Xiaomi has started selling the Mijia High-speed Water Ion Hair Dryer Pro, a new Xiaomi hair dryer that tries to do the one thing most hot-air tools still handle badly: avoid cooking your hair and scalp. The company has launched it on JD.com, priced at 940 yuan, with an introductory price of 720 yuan.

The pitch is simple enough. Instead of relying on fixed heat settings alone, Xiaomi built in a time-of-flight camera that measures how far the nozzle is from your hair in real time and automatically adjusts temperature. Dyson has been playing in this territory for a while, so Xiaomi is clearly aiming at the same premium buyer: someone who wants less heat damage, more automation, and a gadget that feels smarter than a normal dryer.

How the Mijia hair dryer adjusts heat

Xiaomi says the system keeps airflow comfortable by reacting instantly to changes in distance, which is the kind of detail that sounds minor until you use a dryer too close to your face for 10 minutes. There is also a ”double protection” mode that maintains a constant temperature while still adapting to proximity, so the machine is essentially watching itself while you wave it around.
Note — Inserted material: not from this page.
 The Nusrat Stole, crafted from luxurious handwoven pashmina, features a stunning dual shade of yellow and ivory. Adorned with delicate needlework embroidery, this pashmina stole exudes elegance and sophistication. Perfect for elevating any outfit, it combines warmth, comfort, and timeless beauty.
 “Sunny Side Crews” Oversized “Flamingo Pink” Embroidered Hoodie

That kind of feedback loop is becoming more common in personal-care tech. The premium hair dryer category has already been pushed upward by faster motors, ionic claims, and temperature control; Xiaomi is now adding another layer, trying to make the price feel less like a splurge and more like an upgrade with a point.
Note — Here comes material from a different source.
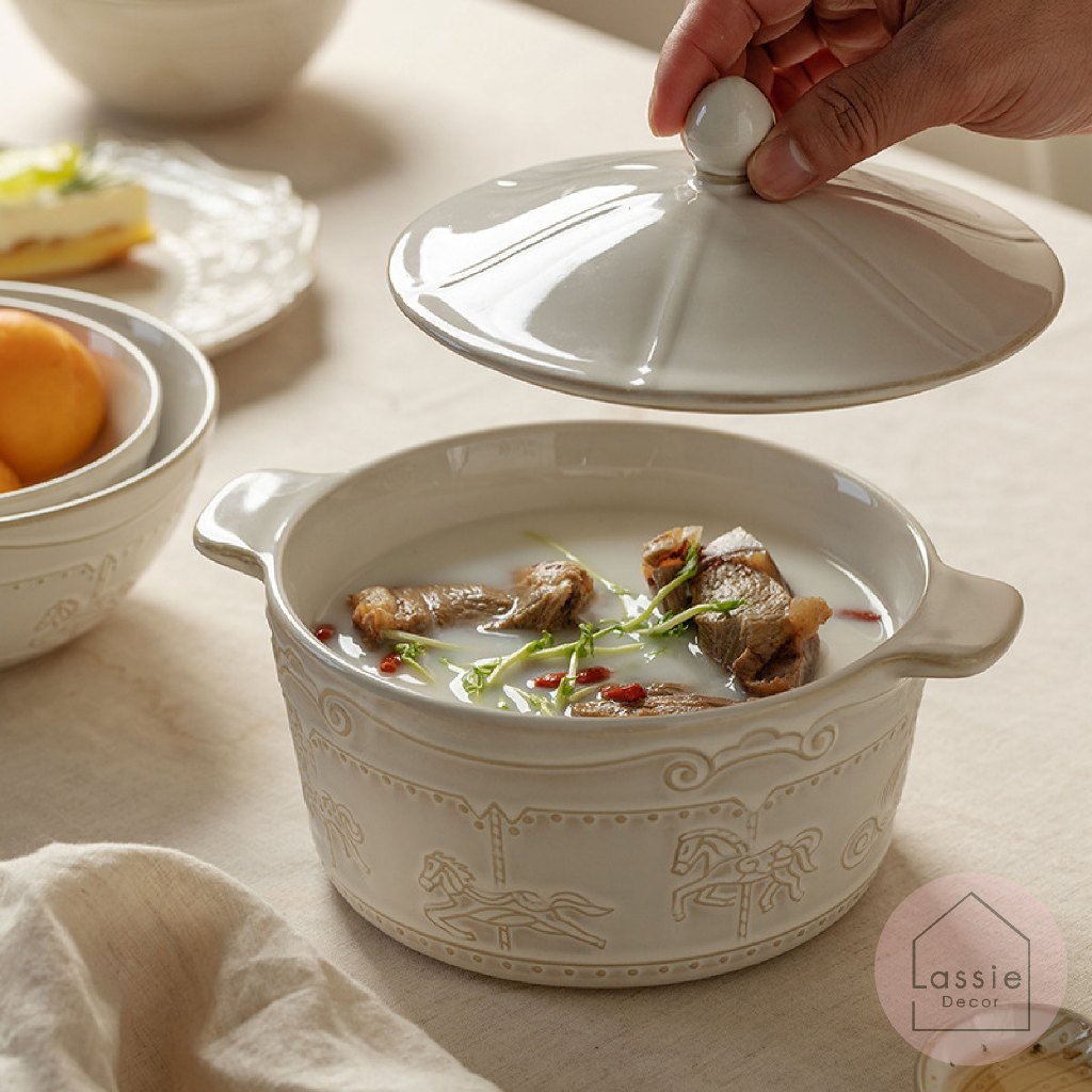 🎠เซตจานชามม้าหมุน จานเซรามิกวินเทจ ลายปั๊มนูนม้าหมุน สำหรับงานจัดเลี้ยง ใช้เป็นของขวัญขึ้นบ้านใหม่ Lassie Decor🎠

Specs, controls and accessories

The dryer comes with a color display on the back, plus buttons and a rotary switch for separate speed and temperature control. Xiaomi says it will sell in three color options, and the unit is rated at 1600 watts.

  • Price: 940 yuan, or 720 yuan at launch
  • Power: 1600 watts
  • Distance sensing: time-of-flight camera
  • Controls: buttons plus rotary switch
  • Extras: multiple styling attachments, metal stand, wall-mounted magnetic bracket

Xiaomi’s premium personal-care push

The included accessories tell the real story. A metal stand and wall bracket sound mundane, but they nudge the product toward bathroom-counter permanence rather than a disposable travel gadget. Xiaomi is betting that buyers will pay more for a hair dryer that looks engineered, not just heated.

The bigger question is whether Xiaomi can turn a clever sensor trick into something people notice every morning. If it works well, rivals will have to answer with better automation of their own; if it feels like marketing frosting, the ToF camera will become another premium checkbox collecting dust next to the diffuser.